Software & Data Management
Data acquisition is fully compatible with industry-standard environmental software platforms including LoggerNet (Campbell Scientific), HOBOware (Onset), and EdiLogger (Decagon). Raw SDI-12 commands return calibrated temperature values in °C with 0.1 °C resolution and embedded checksum validation. When integrated into automated networks, the SIL-411 supports time-synchronized polling intervals down to 1 Hz, enabling high-frequency energy balance modeling. All calibration coefficients—including spectral responsivity, nonlinearity correction, and temperature-dependent offset—are factory-programmed into non-volatile memory and accessible via SDI-12 interrogation. Exported datasets comply with CF Metadata conventions and support direct ingestion into R (‘eddyproc’, ‘flux’ packages) and Python (‘pandas’, ‘xarray’) for flux partitioning and land-surface model validation.
Applications
- Plant physiology studies: Canopy temperature differentials (Tc – Ta) for stomatal conductance estimation and drought stress monitoring
- Transportation infrastructure: Pavement surface temperature logging for anti-icing decision support systems and winter maintenance optimization
- Hydroclimatology: Snow surface temperature profiling in alpine catchments to constrain melt timing and runoff generation models
- Eddy covariance towers: Upward longwave radiation component derivation for surface energy balance closure analysis
- Agricultural irrigation scheduling: Real-time soil surface temperature mapping to infer evaporation rates and root-zone moisture status
- Urban climate monitoring: Thermal heterogeneity assessment across impervious vs. vegetated surfaces in heat island studies
FAQ
Does the SIL-411 require periodic recalibration?
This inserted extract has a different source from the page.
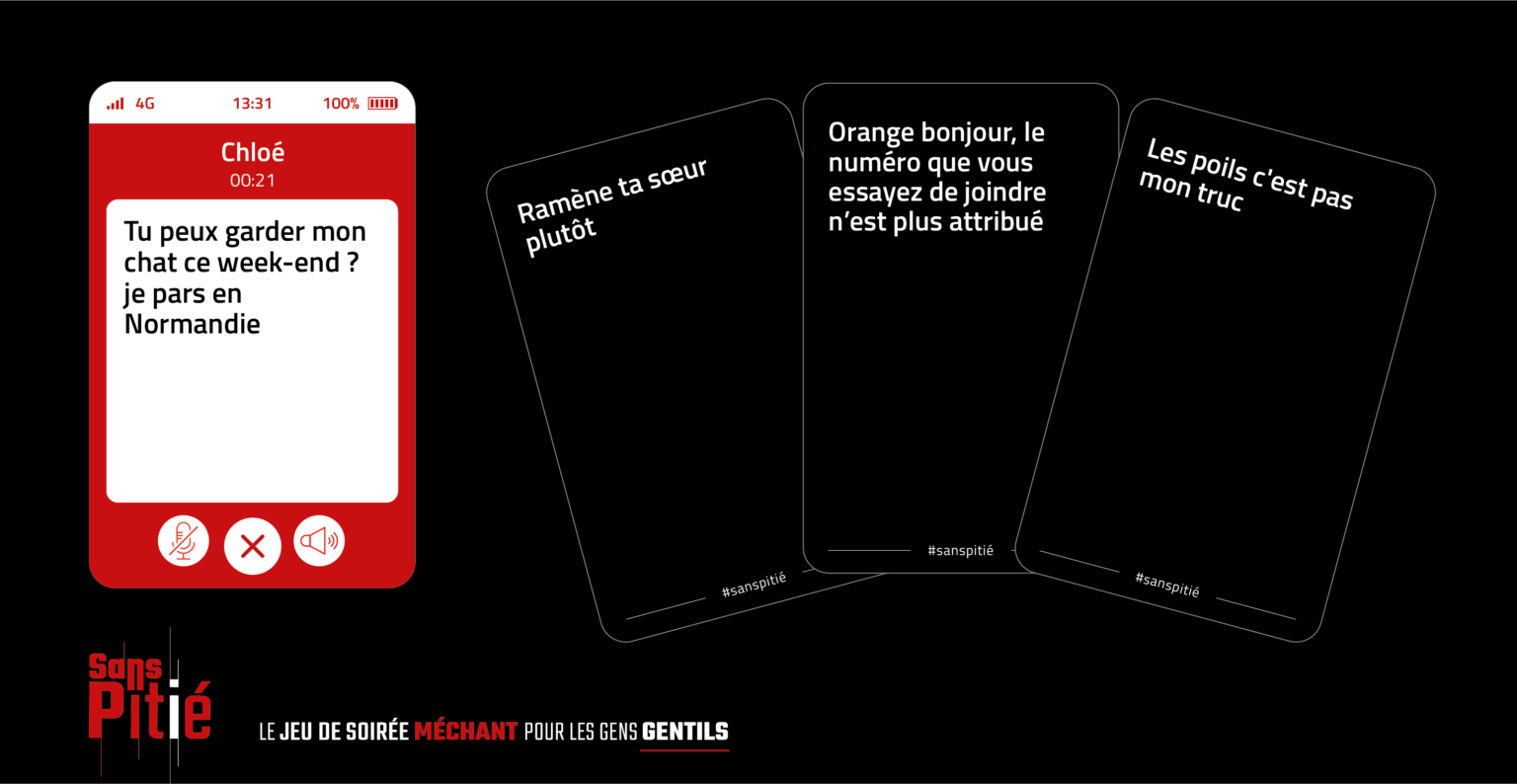 Ā«Sans PitiĆ©, le jeu de soirĆ©e mĆ©chant pour les gentilsĀ», est un jeu Ć lāhumour corrosif destinĆ© aux adultes. Le concept repose sur nos rĆ©ponses aux interactions de la vie quotidienne (emails, appels, conversations, rĆ©seaux sociaux…).

Yes—Apogee recommends NIST-traceable recalibration every two years for research-grade applications, or annually under continuous high-UV or thermal cycling exposure. Field verification using a blackbody reference source (e.g., CI Systems BC-200) is advised prior to critical campaigns.
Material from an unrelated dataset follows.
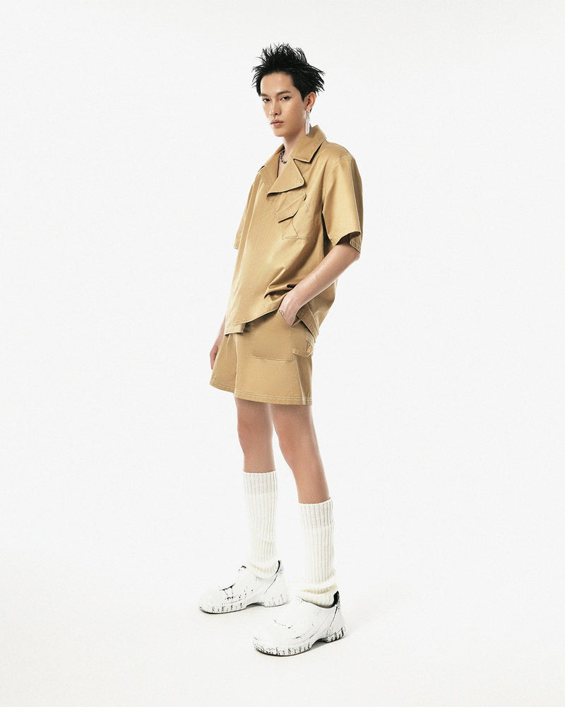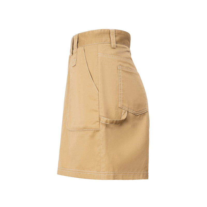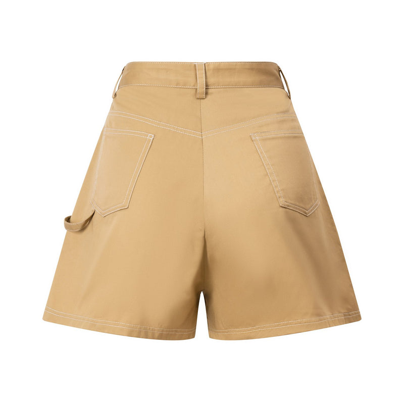 - Lightweight khaki camel-colored micro shorts with contrast top stitching.

Can the sensor measure through glass or plastic covers?
No—standard silicate glass and most polymers absorb strongly in the 8–14 µm band. Direct line-of-sight to the target surface is required for valid radiometric measurement.
Is the SDI-12 output compatible with Arduino or Raspberry Pi?
Yes, provided the microcontroller implements full SDI-12 protocol compliance (including 1200-baud asynchronous serial, command echo, and timeout handling); open-source libraries such as ‘SDI12’ for Arduino and ‘pysdi12’ for Python/Raspberry Pi are verified functional.
What is the minimum measurable surface size?
At 1 m distance, the 22° half-angle yields a ~0.8 m diameter measurement area. Targets smaller than 50 % of this diameter introduce significant cosine error and reduced effective emissivity; use is not recommended for objects <0.4 m in extent at that range.
How does ambient temperature affect accuracy?
The SIL-411 incorporates internal thermistor-based compensation; accuracy specifications assume ≤20 °C difference between target and sensor body temperature. For larger gradients, optional emissivity input (via SDI-12) improves correction fidelity in post-processing.